Nicholas Jones is the New Zealand Herald’s education reporter.

Teacher: Key a 'good kid'

Prime Minister names 1977 economics tutor as inspiration in education promotion.

Rob Hughes, who still teaches economics at Burnside High, Christchurch, has been named by Prime Minister John Key as his most influential teacher. Photo / Martin Hunter
Rob Hughes, who still teaches economics at Burnside High, Christchurch, has been named by Prime Minister John Key as his most influential teacher. Photo / Martin Hunter

Rob Hughes has taught several thousand students during his decades as a schoolteacher, but he remembers the hard-working boy who has gone on to become Prime Minister.

"He was a good kid, and he certainly took an interest in economics and government policy and that sort of thing," said Mr Hughes, who taught John Key economics at Burnside High School.

"I've sort of kept a wee bit in touch with him over the past few years, he has been back to Burnside and I was visiting Parliament and he came and found me there."

Mr Hughes, who is still teaching at Burnside, has been fielding media calls after being nominated by Mr Key as a teacher who particularly inspired him.

The Prime Minister wrote a postcard to his former teacher as part of a campaign which invites Kiwis to share their stories of a teacher who affected their life.
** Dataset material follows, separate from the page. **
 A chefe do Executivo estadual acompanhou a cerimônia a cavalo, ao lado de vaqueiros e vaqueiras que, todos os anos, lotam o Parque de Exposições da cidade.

The "InspiredbyU" project, launched yesterday by Education Minister Hekia Parata - who wrote about her old Ngata Memorial College teacher Patricia Fitzpatrick - lets Kiwis use virtual postcards to pay tribute to former teachers.

Mr Key's postcard reads: "Dear Rob, I was inspired by you because you had a love, passion, and great knowledge of economics. You added to my desire to make a difference to New Zealand."
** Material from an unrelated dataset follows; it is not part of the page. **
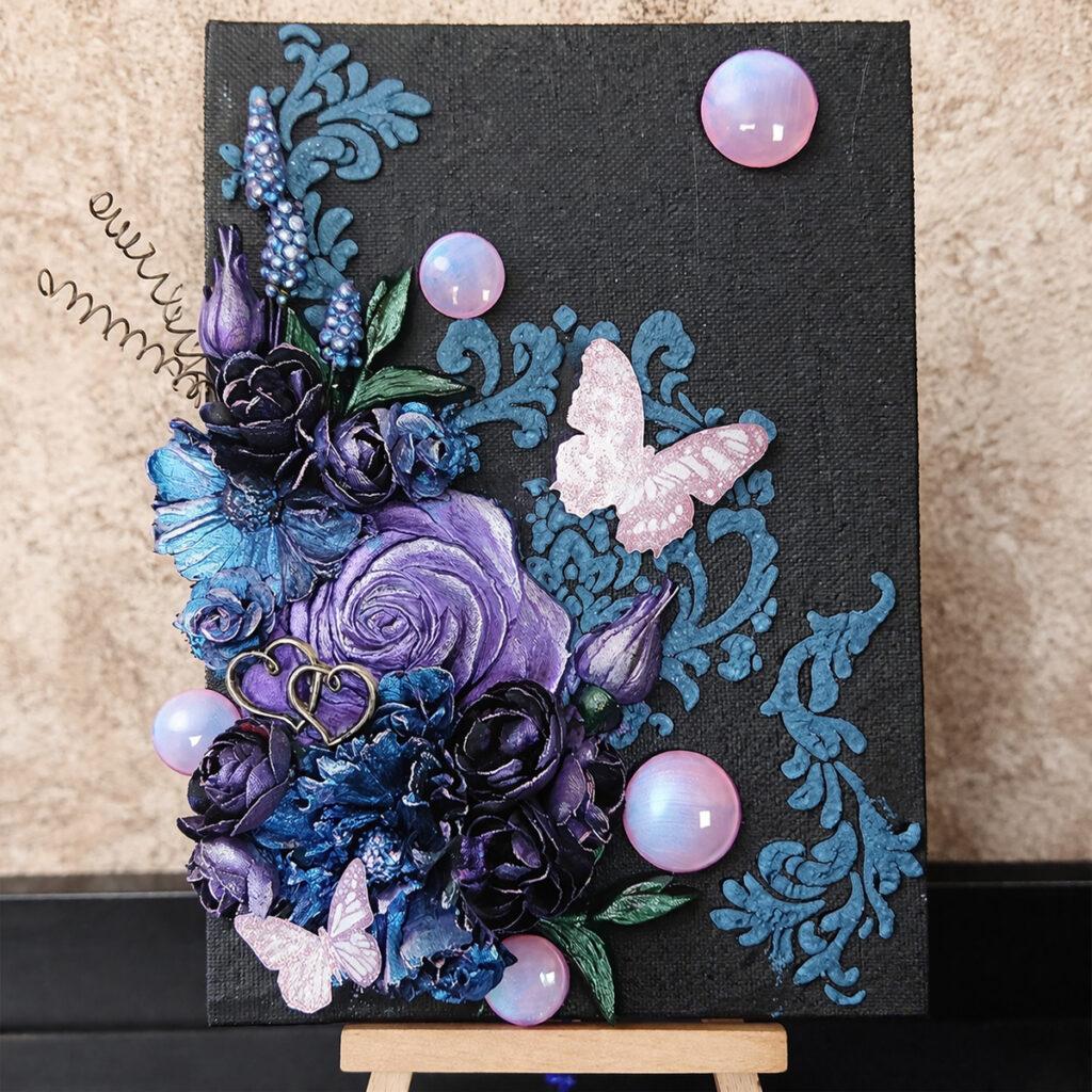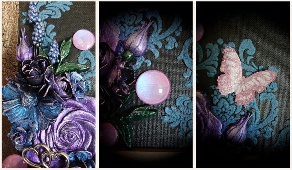Jag har tillverkat rosor och knoppar av Stamperias lufttorkande lera. De flesta kommer från setet Butterflies and Flowers i Stamperias serie Secret Diary. Både blommorna av lufttorkande lera och mina pappersrosor målades först med svart gesso och därefter med Inka Gold och metallisk akrylfärg. För att detaljerna skulle framträda mer avslutade jag målandet med att lägga till Inka-Gold Rosenquartz på topparna.

Mr Hughes believed he taught his famous pupil about 1977, a short time after he had himself left university. Apart from a year away here and there, he had been at Burnside ever since. "I've taught three or four thousand students through the school, and I think it was about my first year of teaching, and I only taught him for one year, where quite often I'd teach students for two, three and four years.

"I know exactly where he sat, I sort of remember his interest ... It's not saying that I picked him necessarily as going places, but he certainly did."
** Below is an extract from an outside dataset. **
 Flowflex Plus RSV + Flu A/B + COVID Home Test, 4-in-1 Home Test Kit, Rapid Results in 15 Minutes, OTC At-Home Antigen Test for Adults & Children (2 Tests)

John Key was a good student, Mr Hughes recalled. Subject matter was closely linked to the politics of the day, with Mr Key's future party often in the cross-hairs. "Economics was great to teach in those days, because all of Muldoon's controls were still there, and we were sort of free-market evangelistic ... it was a great time to be able to criticise the Government and prove they were wrong."

"InspiredbyU" is part of the next month's Festivals of Education.

People can contribute their inspiring teacher story at www.inspiredbyU.org.nz.

Stand-out teachers

* Kiwis encouraged to write tributes to favourite teachers in new programme supported by the Ministry of Education.

* Prime Minister John Key has sent a message to his former economics teacher, who is still teaching at Burnside High School in Christchurch.